A couple of days ago, I was listening to the radio and thinking about the many songs out today having to do with God's love. The love of God always seems foreign to me, or maybe irrelevant for some reason. But I think God wants His people to know that He loves them and they should be willing to respond to Him.
For many years, I have had a voice in my head telling me that I had done the unpardonable sin. I can't imagine how many thousands of other people actually have this same voice speaking to them. The words were clear and they would come up at various times. Whenever they came, I would go into a depression because I believed they were true. Somehow, I thought God would shield me from this kind of mental difficulty, but He didn't.
For years, I believed this lie, and without realizing it, I acted upon it, even if just mentally. I doubted that God loved me, and I lived in fear knowing that I was going to go to hell one day, without any opportunity to repent.
The problem with all this was that I believed the devil's lies. Of course, I secretly hoped God would have a special mercy on me, but I was sure that that was impossible. What I didn't realize was how much sin was involved in my thinking and belief system, for I believed the devil's lies, which meant, by default, that I didn't believe God.
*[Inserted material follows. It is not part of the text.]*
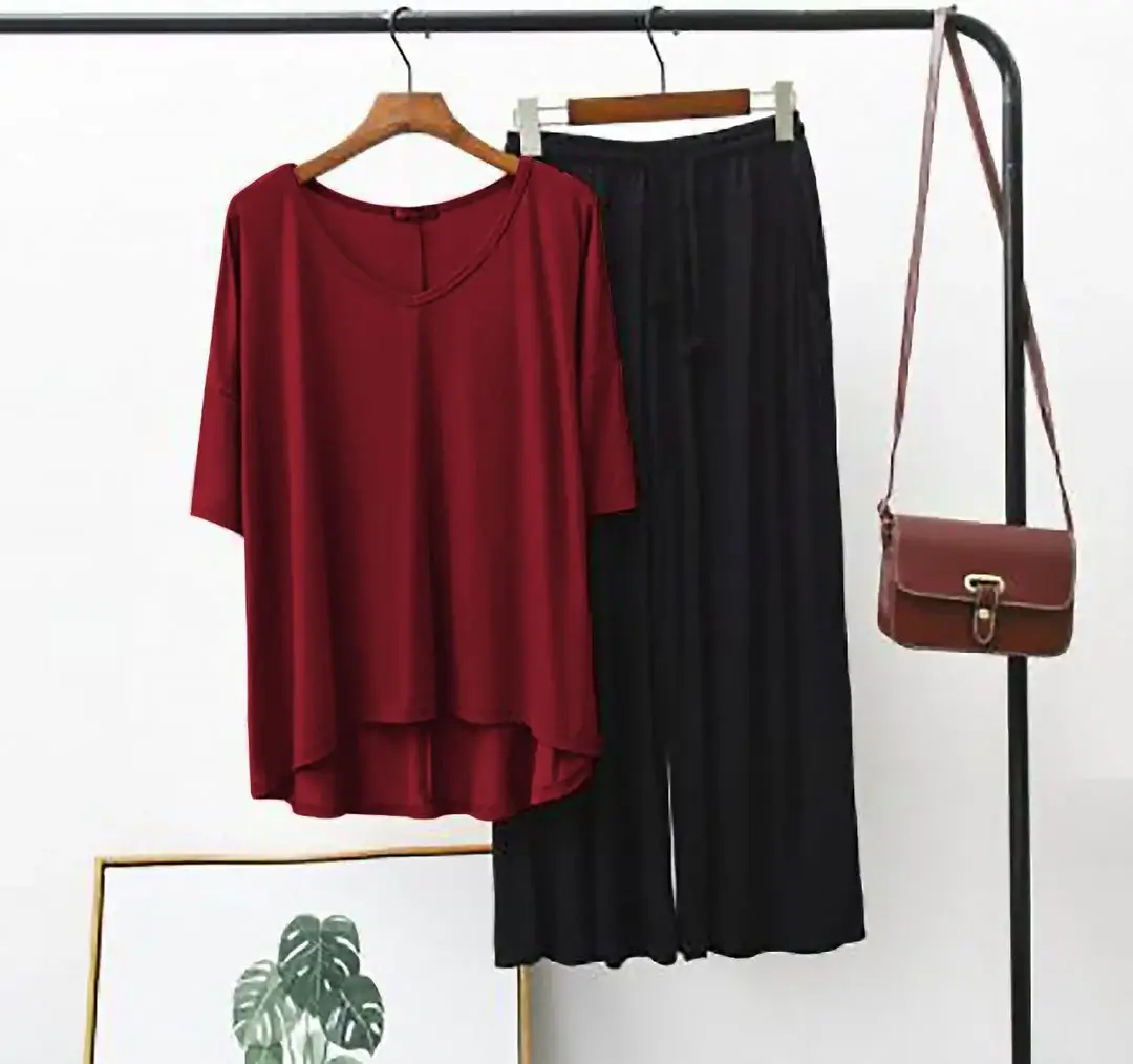 Home All Collection Plain Red V Neck T Shirt with Black Plazzo

My thoughts were an insult to God, for I was saying that my sin was too great for Him to forgive me of. I was saying that Jesus' blood was not powerful enough to forgive me of my sin. Once I learned how to resist (not ignore) these thoughts, I gained victory in this area and faith began to increase.
I will not do this any more, and I have repented of believing these lying thoughts. I am sorry to God for not believing Him and His truth instead. Thank God for His patience and mercy.